His smile widened and a dimple appeared, for God’s sake.
Then he spread his hands. His big, warm hands. “Julie,” he said in that slow, Texas drawl. “Can’t you make an exception for me?”
She tried to say no, to resist his pull. But he held her gaze, tugging her irresistibly toward blue skies and sunshine.
Her breath gave a hitch, her stomach a dip.
And her heart, her frozen heart, thumped at last.
* * *
Cody’d thought he was too damn tired for sex, but from his first glimpse of Julie Marone – moss green eyes, chestnut hair, slim runner’s body – he’d been picturing her out of that business suit and spread across his bed, wearing a lacy pushup bra and not another damn thing.
Then her breath caught, a sexy little hiccup, and he was halfway hard before he knew what hit him.
Damn it. He didn’t need to get laid half as much as he needed a place to live. After seven straight overnights in the Mass General ER – and an eighth that would begin in just a few hours – he was finally due to get some time off. Four days, to be exact, which gave him exactly that long to find a condo, sign the papers and write the damn check.
But Julie wasn’t cooperating. Not only did she have his cock in an uproar, she wasn’t inclined to hunt up a condo for him. She kept feeding him a line about couples, like she was some kind of karmic matchmaker or something.
Seriously, what kind of realtor gave a shit who she sold to? A house was a house; a condo was a condo. Money was money. Right?
Whatever. She was hot for him too, and even if he wasn’t in a position to do anything about it right at the moment, he wasn’t above using it to get what he wanted.
Deliberately, in a move that had yet to fail him, he put his palm to his chest, rubbed it back and forth slowly.
Her eyes dropped to follow the movement.
He let her think about it.
Then, shamelessly, he worked his drawl. “I’d sure be grateful if you’d help me out. I been staying next door at the Plaza – and don’t get me wrong, it’s swanky, for sure – but I need my own place so I can bring Betsy on east with me.”

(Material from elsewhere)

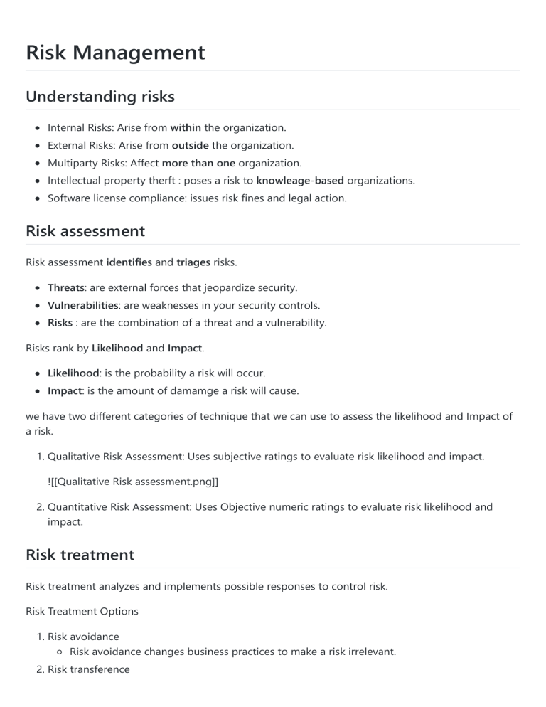 Risk Management Understanding risks Internal Risks: Arise from within the organization. External Risks: Arise from outside the organization. Multiparty Risks: Affect more than one organization. Intellectual property therft : poses a risk to knowleage-based organizations. Software license compliance: issues risk fines and legal action. Risk assessment Risk assessment identifies and triages risks. Threats: are external forces that jeopardize security. Vulnerabilities: are weaknesses in your security controls. Risks : are the combination of a threat and a vulnerability. Risks rank by Likelihood and Impact. Likelihood: is the probability a risk will occur. Impact: is the amount of damamge a risk will cause. we have two different categories of technique that we can use to assess the likelihood and Impact of a risk. 1. Qualitative Risk Assessment: Uses subjective ratings to evaluate risk likelihood and impact. ![[Qualitative Risk assessment.png]] 2. Quantitative Risk Assessment: Uses Objective numeric ratings to evaluate risk likelihood and impact. Risk treatment Risk treatment analyzes and implements possible responses to control risk. Risk Treatment Options 1. Risk avoidance Risk avoidance changes business practices to make a risk irrelevant. 2. Risk transference Risk treatment analyzes and implements possible responses to control risk. 3. Risk mitigation Risk mitigation reduces the likelihood or impact of a risk. 4. Risk acceptance Risk acceptance is the choice to continue operations in the face of a risk. Selecting security controls Security controls reduce the likelihood or impact of a risk and help identify issues. Two different ways of security controls 1. Control Purpose i. Preventive Preventive controls stop a security issue from occcurring. ii. Detective Detective controls identify security issues requiring investigation. iii. Corrective Recovery controls remediate security issues that have occurred. 2. Control Mechanism i. Technical use technology to achieve control objectives. ii. Administrative use processes to achieve control objectives. iii. Physical Impact the physical world. Configuration managment Tracks specific device settings Baselines: Provide a configuration snapshot. Versioning: Assigns numbers to each varsion. Diagrams serve as important configuration artifacts. Standardize Device Configurations Naming conventions IP adderessing schemes Change and management help ensure a stable operating environment.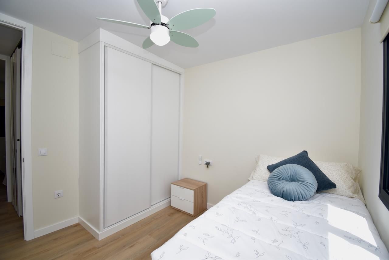 • Schlafzimmer mit Doppelbett (190 x 150 cm) und Ventilator

Her eyes snapped up. “I thought you didn’t have a girlfriend.”
“Betsy’s my dog. Part coon hound, part Chihuahua.” He did the smile again. “She’ll like you. You both got that feisty thing going on.”
Her brow knitted, and he bit his cheek to hold back a laugh. She probably wasn’t sure how to feel about being compared to his dog. He could tell her it was a compliment – Betsy was the only woman who’d never disappointed him – but he didn’t want her to get cocky.
What he wanted was for her to forget her cockamamie rule about couples and find him a condo in the next four days. That meant keeping her interested in him. So he played his strongest card, the one that worked with all the ladies. Worked too well in fact. But he wasn’t going to argue with that now.
“The problem’s my schedule,” he went on, spreading his palms. “Me being a doctor and all.”
He waited for her to rip her clothes off.
For five longs seconds, she stared straight into his eyes. Then she opened a drawer and took out a business card, set it on the desk in front of him.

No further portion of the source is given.